- **PROBLEM STATEMENT**: Output only the lines below from the one containing "New Al Falah" to the one containing "노후희망유니온 기후정의위원회도 깃발", exactly as written, both ends kept.

- **SUPPLIED RECORDS**:

»»

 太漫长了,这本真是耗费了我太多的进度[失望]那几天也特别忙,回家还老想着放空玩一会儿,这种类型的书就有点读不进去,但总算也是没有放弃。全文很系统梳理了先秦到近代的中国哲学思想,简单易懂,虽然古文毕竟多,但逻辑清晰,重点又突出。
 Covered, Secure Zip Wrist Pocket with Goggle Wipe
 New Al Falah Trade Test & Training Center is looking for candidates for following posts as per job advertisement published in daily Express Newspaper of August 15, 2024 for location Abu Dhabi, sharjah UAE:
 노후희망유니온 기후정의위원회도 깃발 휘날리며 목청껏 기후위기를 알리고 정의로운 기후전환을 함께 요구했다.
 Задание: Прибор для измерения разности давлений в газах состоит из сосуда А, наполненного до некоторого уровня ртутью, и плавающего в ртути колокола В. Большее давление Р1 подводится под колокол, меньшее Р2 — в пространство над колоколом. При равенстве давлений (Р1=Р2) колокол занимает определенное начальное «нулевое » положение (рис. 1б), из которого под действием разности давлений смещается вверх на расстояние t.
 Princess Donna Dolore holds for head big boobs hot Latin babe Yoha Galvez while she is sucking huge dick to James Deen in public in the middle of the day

««
»»

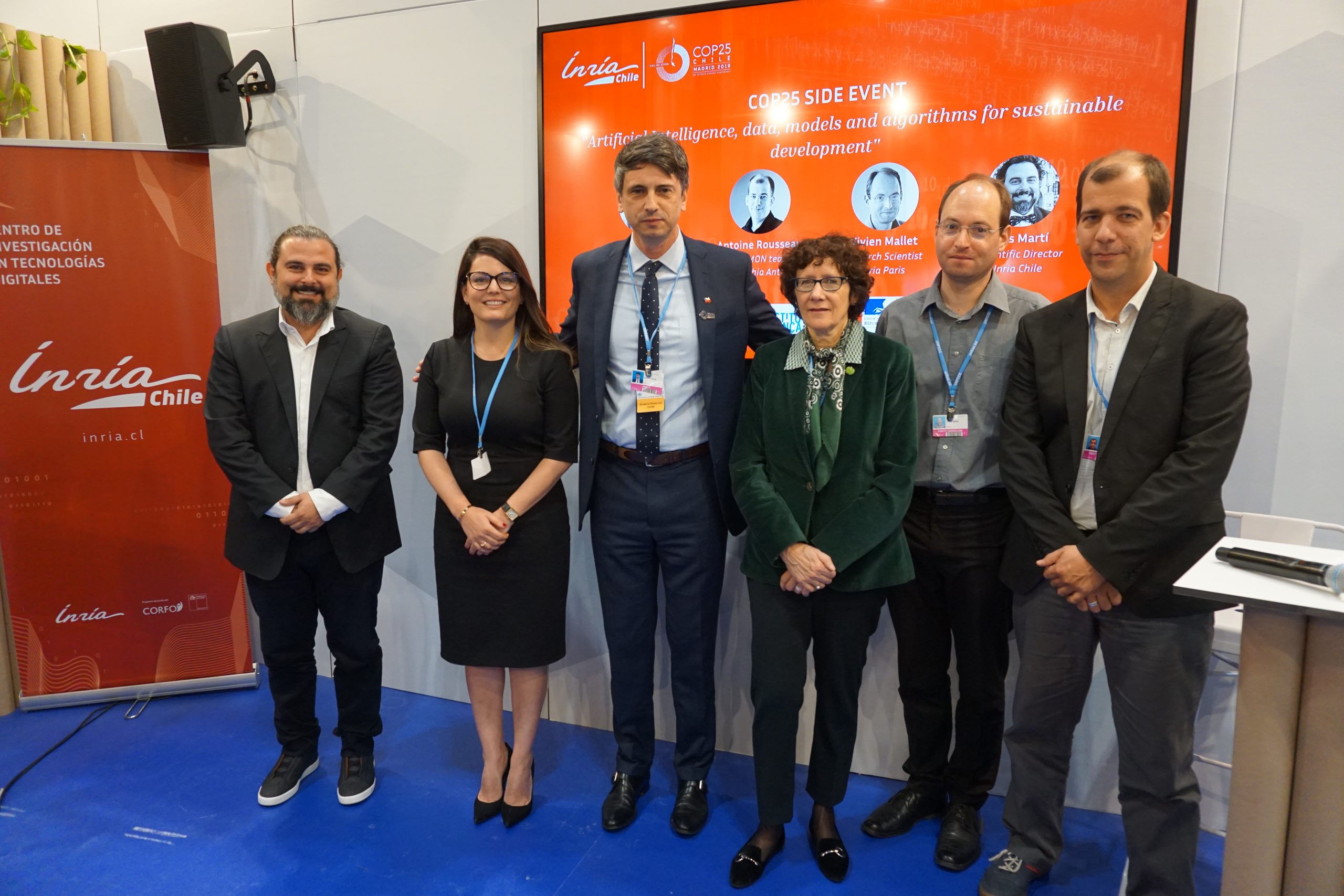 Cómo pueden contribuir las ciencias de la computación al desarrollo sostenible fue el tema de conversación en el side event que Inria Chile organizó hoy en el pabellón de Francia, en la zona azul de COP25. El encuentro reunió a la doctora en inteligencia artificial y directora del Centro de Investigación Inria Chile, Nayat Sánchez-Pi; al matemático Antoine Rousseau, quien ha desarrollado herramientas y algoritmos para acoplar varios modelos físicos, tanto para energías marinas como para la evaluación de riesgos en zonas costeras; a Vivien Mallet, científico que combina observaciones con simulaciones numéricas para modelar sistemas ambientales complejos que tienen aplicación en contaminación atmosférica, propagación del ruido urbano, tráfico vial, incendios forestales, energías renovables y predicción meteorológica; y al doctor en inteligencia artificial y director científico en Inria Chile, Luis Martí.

««

- **WRITTEN SOLUTION**:
 New Al Falah Trade Test & Training Center is looking for candidates for following posts as per job advertisement published in daily Express Newspaper of August 15, 2024 for location Abu Dhabi, sharjah UAE:
 노후희망유니온 기후정의위원회도 깃발 휘날리며 목청껏 기후위기를 알리고 정의로운 기후전환을 함께 요구했다.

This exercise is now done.